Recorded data
* * * *
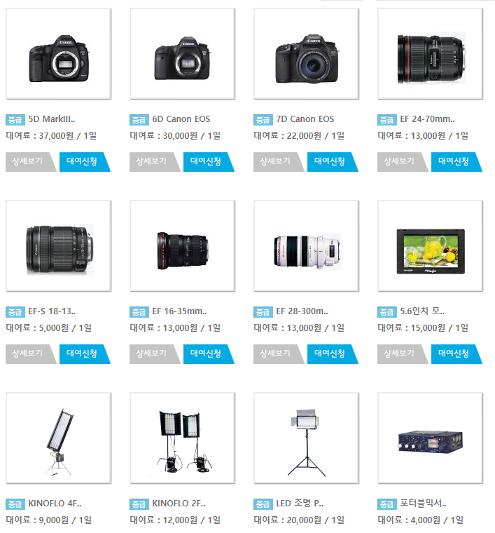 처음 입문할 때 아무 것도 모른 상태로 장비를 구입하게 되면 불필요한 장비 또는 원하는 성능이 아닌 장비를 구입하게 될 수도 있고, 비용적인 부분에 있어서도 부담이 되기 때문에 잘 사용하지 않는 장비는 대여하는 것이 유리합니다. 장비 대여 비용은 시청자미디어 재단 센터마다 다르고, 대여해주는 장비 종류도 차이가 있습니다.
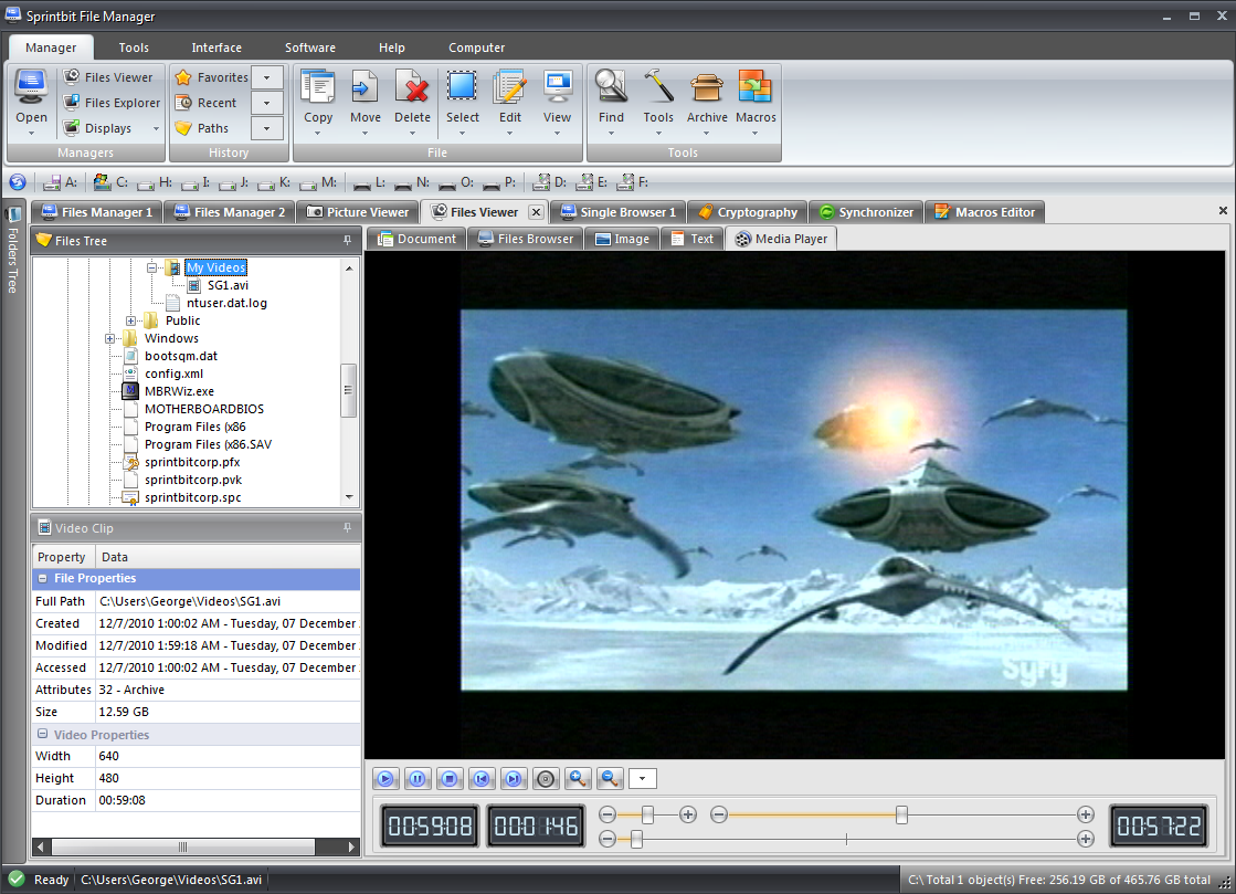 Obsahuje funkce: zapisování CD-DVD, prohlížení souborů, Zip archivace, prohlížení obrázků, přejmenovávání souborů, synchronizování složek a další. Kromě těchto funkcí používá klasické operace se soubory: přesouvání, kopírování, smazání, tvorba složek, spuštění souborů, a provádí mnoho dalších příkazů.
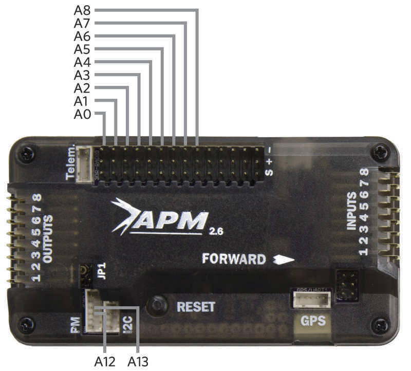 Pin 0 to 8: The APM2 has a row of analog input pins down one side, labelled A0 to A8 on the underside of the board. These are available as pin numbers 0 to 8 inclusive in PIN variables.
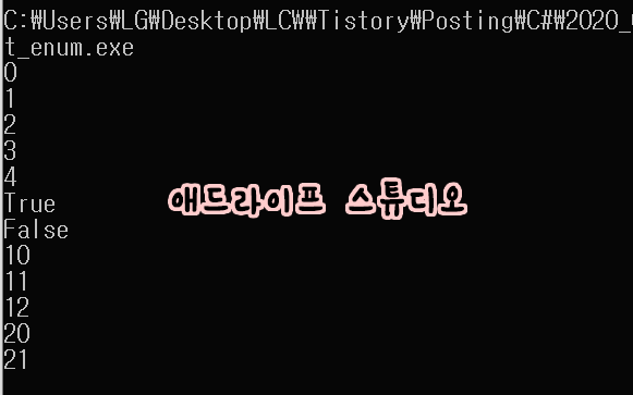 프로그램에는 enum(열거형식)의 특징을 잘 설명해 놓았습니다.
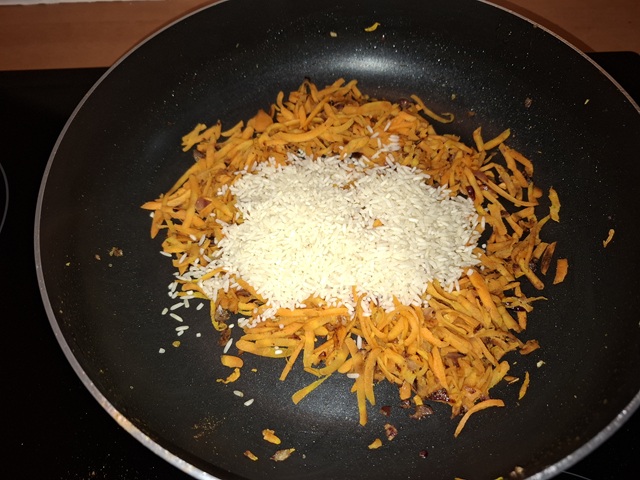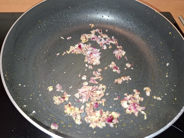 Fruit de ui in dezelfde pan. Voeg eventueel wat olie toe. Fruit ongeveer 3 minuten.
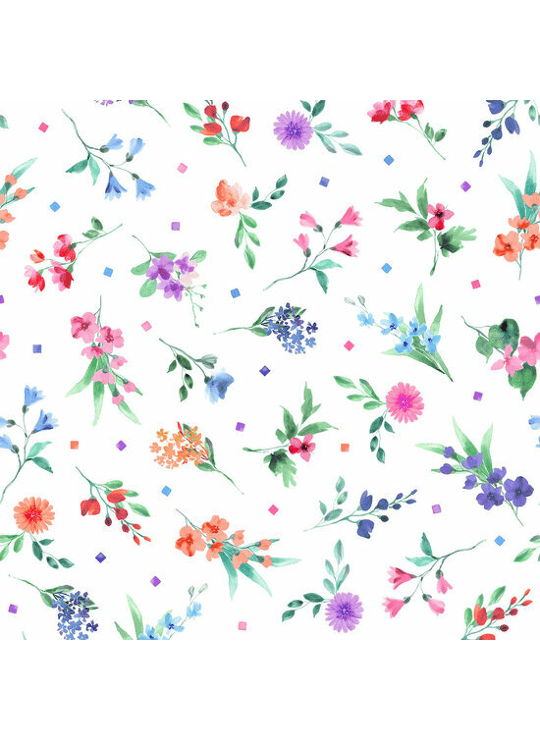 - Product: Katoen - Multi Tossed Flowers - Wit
* * * *
In the records above, find the line with "Pin 0 to 8: The" and the line with "프로그램에는 enum(열거형식)의 특징을 잘 설명해 놓았습니다.", then restate word for word only those two lines and all lines between, omitting pictures.

 Pin 0 to 8: The APM2 has a row of analog input pins down one side, labelled A0 to A8 on the underside of the board. These are available as pin numbers 0 to 8 inclusive in PIN variables.
 프로그램에는 enum(열거형식)의 특징을 잘 설명해 놓았습니다.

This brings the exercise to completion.